### SUPPLIED ENTRIES:
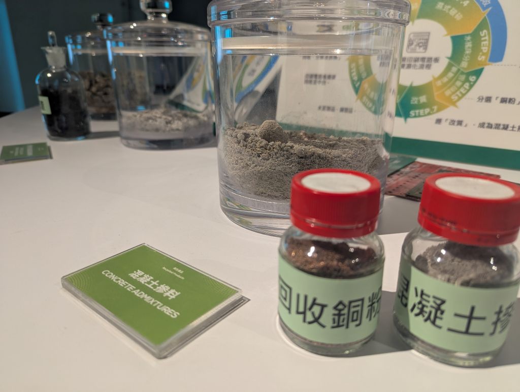 除了進行廢燈管的回收之外,張啓達還指出,針對電子廢棄物中富含的銅金屬,中台資源科技利用其三廠進行物理性破碎和濕式分選,資源的回收率可達 99%。而分離後的玻璃纖維則進一步改質,製成混凝土摻料,應用於土木工程,實現百分之百全循環的目標,是一個全循環的,零廢棄的一個製程。
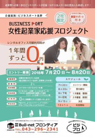 首都圏・中部地方にサービスオフィス「ビジネスポート」を展開する株式会社Buil-netフロンティア(代表取締役 熊森克己)は、女性起業家応援プロジェクトを始動しました。女性でも安心して利用できる受付常駐型レンタルオフィスの月額利用料を1年間0円にし、事業に専念出来る快適なオフィス環境を無料提供することで、地域で起業を志す女性起業家の夢の第一歩を応援します。
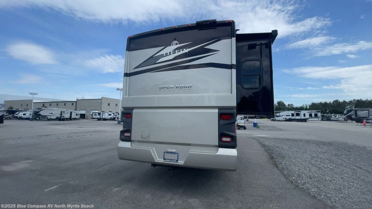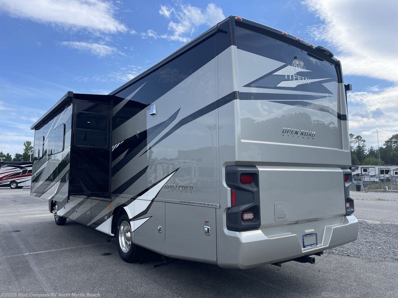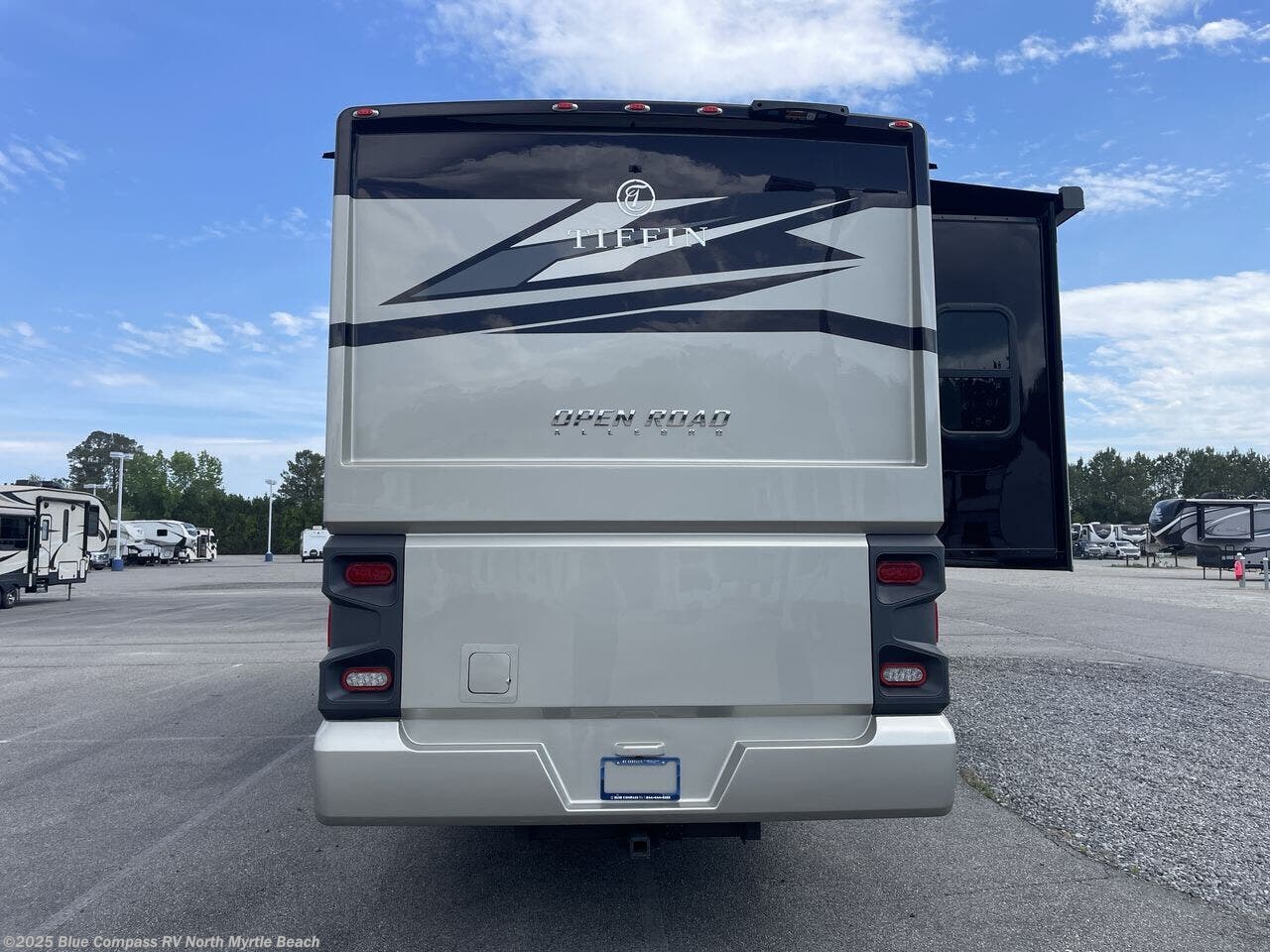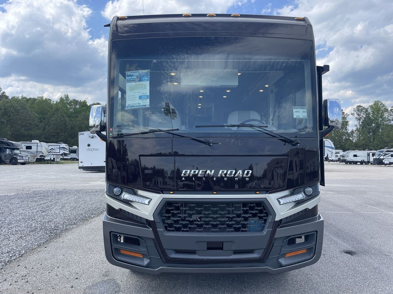 Every one of these Tiffin Motorhomes Open Road Allegro Class A gas motorhomes are ready to go when ever you are! A Ford 7.3L V8 engine powers these units and a durable, yet lightweight, tubular aluminum wall skeleton holds them together. They are beautifully designed with handcrafted cabinetry and a panoramic kitchen galley window for breathtaking views. A couple electronic features you will appreciate include an exterior TV with a soundbar and a Spyder multiplex system, plus there are two 13.5k BUT AC units to keep you cool on those hot summer days. The color back-up camera and side-view cameras will make parking easier than ever, and you'll appreciate hydraulic leveling jacks with a control panel for hassle-free set up. New features include an exterior ladder now standard, new Generation 11 paint schemes, optional Starlink prep, and more!
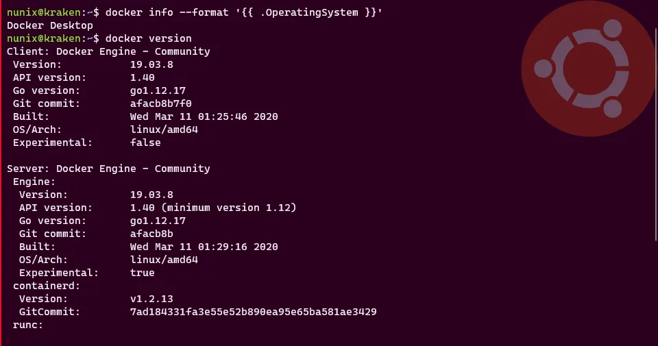 # Verifies which OS is docker running ondocker info --format '{{ .OperatingSystem }}'# Verifies that the client can connect to the enginedocker version
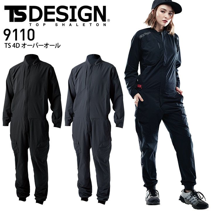 TS-DESIGN TS 4D オーバーオール 9110 男女兼用 ストレッチ 吸汗速乾 形態安定 反射 帯電防止 軽量 つなぎ 作業着 作業服 藤和【SS-LL】
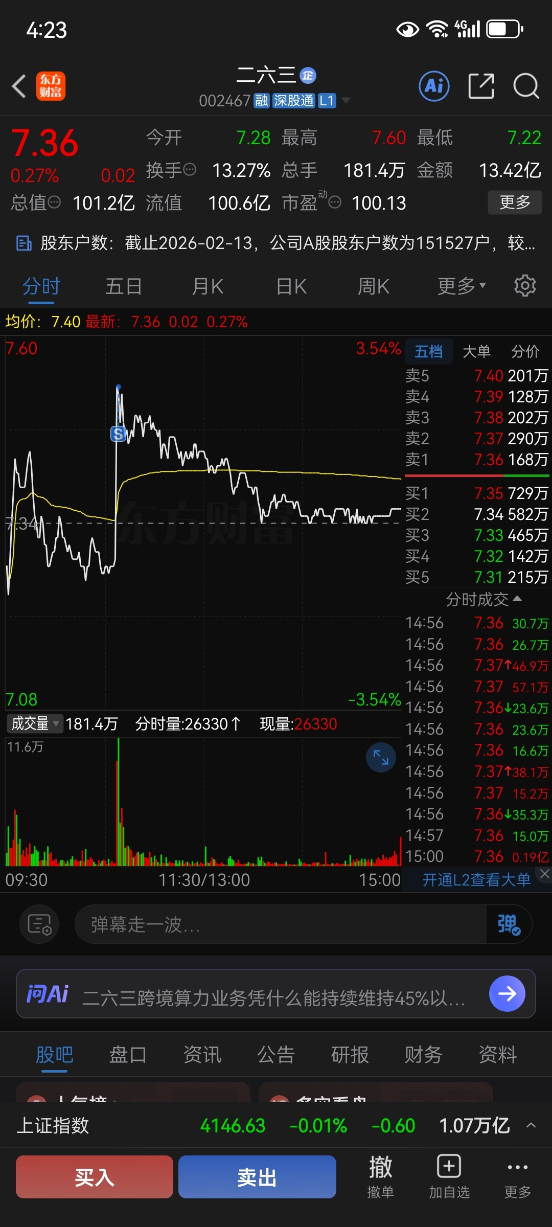 $二六三(SZ002467)$ 赚了一个鸡腿
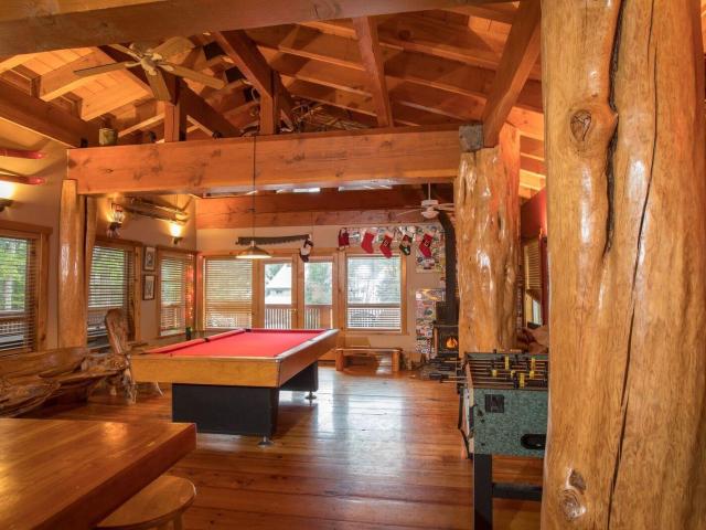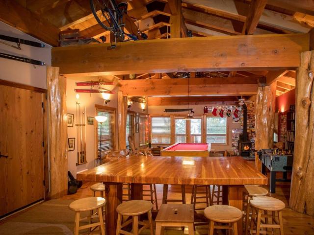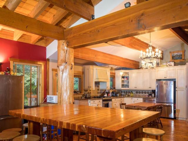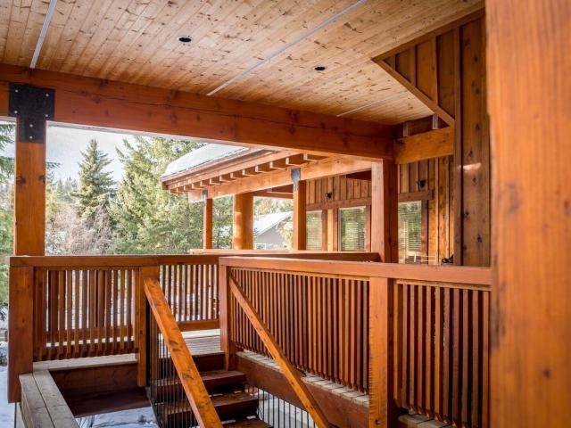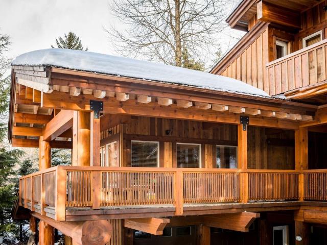 Amazing possibilities! Investors, families, this timber frame home in the highly coveted Whistler Cay location boasts south western exposures, generous parking, and peaceful green space behind. With placement of its ancient logs/timber inspired by Haida design and the ideology of Frank Lloyd Wright, there totals 4710 square feet of Whistler bliss, large covered vaulted decks, and extra sized double garage. Private and tranquil this chalet lends itself to unlimited imagination. Create an incredible family experience in a prime location, walking distance to the village, trails, lakes, beaches and directly adjacent to Myrtle Philip School.
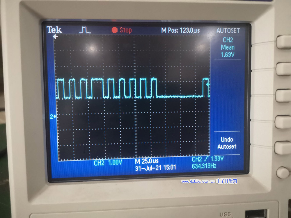 所用示波器為 漢泰的 IDSO1070。從光標測量可以看出AB之間的時間為107.422 μs,和計算的104 μs 差不多。
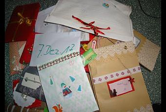 en el grupo de facebook en la celebración del calendario de Adviento, enviamos 12 trozos de tela con motivos navideños de 25x25 centimétros y 12 detalles y recibimos lo mismo,que iremos abriendo cada día hasta el 24 de Diciembre.Y estos son los primeros días:Al abrir la caja ,qué maravilla, me da pena abrirlos...Me encantan los envoltorios .No tengo arte para envolver regalos así que disfruto mucho viendo los envoltorios.
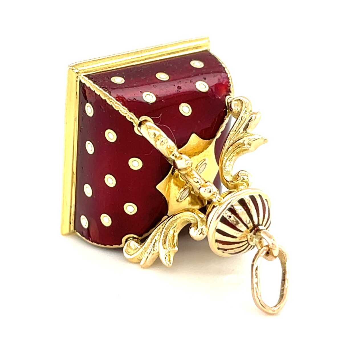 The top dome and sides are decorated with rich red enamel accented with white polka dots
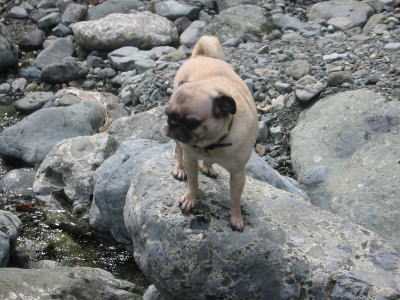 | 釣りのお供をするパグ。 名前は「はな」 やつは水が恐いのだ。 |

### EXERCISE:
Only the lines above from the one containing "Amazing possibilities! Investors, families, this" through the one containing "所用示波器為 漢泰的 IDSO1070。從光標測量可以看出AB之間的時間為107.422" should be returned, verbatim and inclusive, with pictures excluded.

### REPLY TO THE EXERCISE:
 Amazing possibilities! Investors, families, this timber frame home in the highly coveted Whistler Cay location boasts south western exposures, generous parking, and peaceful green space behind. With placement of its ancient logs/timber inspired by Haida design and the ideology of Frank Lloyd Wright, there totals 4710 square feet of Whistler bliss, large covered vaulted decks, and extra sized double garage. Private and tranquil this chalet lends itself to unlimited imagination. Create an incredible family experience in a prime location, walking distance to the village, trails, lakes, beaches and directly adjacent to Myrtle Philip School.
 所用示波器為 漢泰的 IDSO1070。從光標測量可以看出AB之間的時間為107.422 μs,和計算的104 μs 差不多。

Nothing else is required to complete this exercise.